This page provides a brief overview of Server-side Rendering Service.
- Grafana dashboard for termbox service
- Grafana dashboard for envoy proxy, filtered for termbox
- Grafana dashboard for Termbox SSR Service Level Objective (SLO)
- Grafana dashboard for Wikidata alerts with a panel showing Termbox request errors (requests from MediaWiki to Termbox)
- Logstash, Logstash 2 (Todo: create some gadgets to see at a glance whether events are spiking, maybe consolidate this)
The service was introduced in 2019, to initially serve server-side rendered content of the Wikidata/Wikibase "term box", i.e. the part of item/property page UI where labels, descriptions and aliases are shown and could be edited.
The service is used as part of generating the HTML output sent from MediaWiki to user's browser.
There is a server-side and the client-side variant of the code, which are distributions of the same implementation.
The client-side variant is deployed into wikibase on a file system level through git sub modules.
In case of no configured server-side rendering service or a malfunctioning of it, the client-side code will act as a fallback.
The service uses Vue.js as the UI framework.
The service is deployed on the WMF services Kubernetes cluster using helm. This means that the service is packaged as a docker image. The docker image is built by the Deployment pipeline.
The images that are used in production can be found on the WMF docker registry which is missing a nice UI; the easiest way to see current images is this tool. New images are built, after code is merged to the master branch, automatically by the deployment pipeline.
The production clusters used on wikidata.org are managed using kubernetes and helm. These are also used for a staging instance as well as an instance for test.wikidata.org. The configuration for these can be found in the operations/deployment-charts repo. Details for applying those adjustments to the production clusters can be found at Migrating from scap-helm.
The instance used for beta is just run by docker. The configuration for this can be found in the git repo in the infrastructure folder. The instructions for applying those changes can also be found there.
Some useful metrics for monitoring the deployment can be found shown in grafana.
Sequence diagram "source code".
Initial deployment & load details
The initial responsibility of this service will be the rendering of the term box for wikidata items and properties for mobile web views.
Currently wikidata.org gets no more that 80k mobile web requests per day (including cached pages, and non item/property pages).
If we were to assume all of these requests were actually to item and property pages that were not cached this would result in this SSR service being hit 55 times per minute.
(In reality some of these page views are not to item or property pages, and some will be cached) so we are looking at no more than 1 call per second.
Availability objectives and accepted operational errors
The Service Level Objective (SLO) for the Termbox SSR is an error rate of less than 0.1%. The current error rate and numbers of errors can be seen at the Grafana Termbox SSR SLO dashboard.
That availability is impacted by errors triggered inside Termbox SSR (i.e. the NodeJS app living in Kubernetes) that are caused by operational or performance issues in MediaWiki.
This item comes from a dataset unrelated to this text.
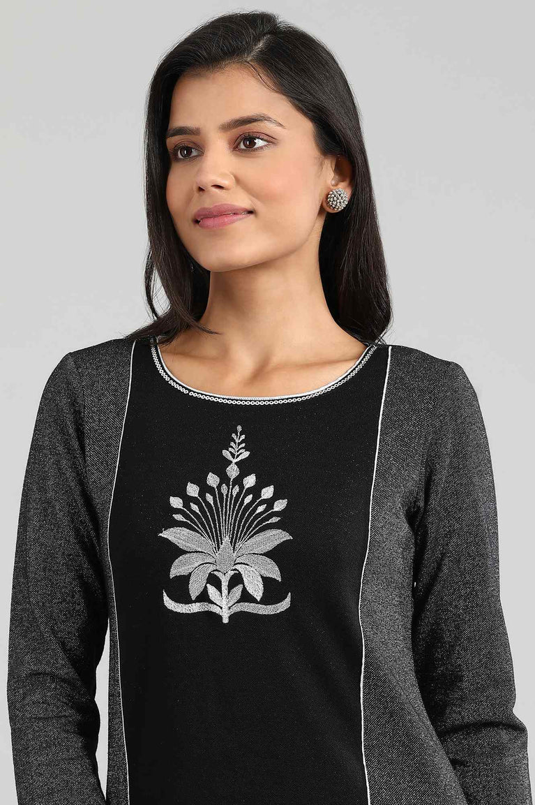 Black round neck full sleeve knitted kurta with zari embroidery detail and side slits.

They are unavoidable to a degree and acceptable as long as their overall frequency stays low, see the SLO above. The bulk of those errors is constituted by the following three error messages:
timeout of 3000ms exceeded
- Some of these timeout errors seem to happen surprisingly often during the health checks that are run periodically (config, docs). This is judged to be strange but probably harmless.
- Disregarding the health checks that go to the unused datacenter above, these errors also seem to correspond almost perfectly to the errors logged in MediaWiki PHP logstash with the message
Wikibase\View\Termbox\Renderer\TermboxRemoteRenderer: Problem requesting from the remote serverand content
Request failed with status 0. Usually this means network failure or timeout
- That timeout for this connection going out from MediaWiki/PHP to the Termbox SSR is currently based on the wikibase default configuration
Request failed with status code 500
- i.e., the MediaWiki API having some server problem.
Request failed with status code 503
- These seem to be triggered by the Envoy Proxy that sits between the Termbox SSR and the MediaWiki API. More detailed information about that is available in another Phabricator comment.
These errors are discussed in more detail in a Phabricator comment. Detailed descriptions of them are visible on logstash. Note that there seems to be a bug in how Prometheus calculates the numbers shown in Grafana, so they can diverge from what is shown in logstash.
Debugging and Testing Production
To connect to the production services for testing use ssh port forwarding as follows:
ssh -4 -L 3030:termbox.svc.codfw.wmnet:3030 <username>@bast1002.wikimedia.org
You can alter the bastion host as needed. You can also alter the service e.g. eqiad vs codfw.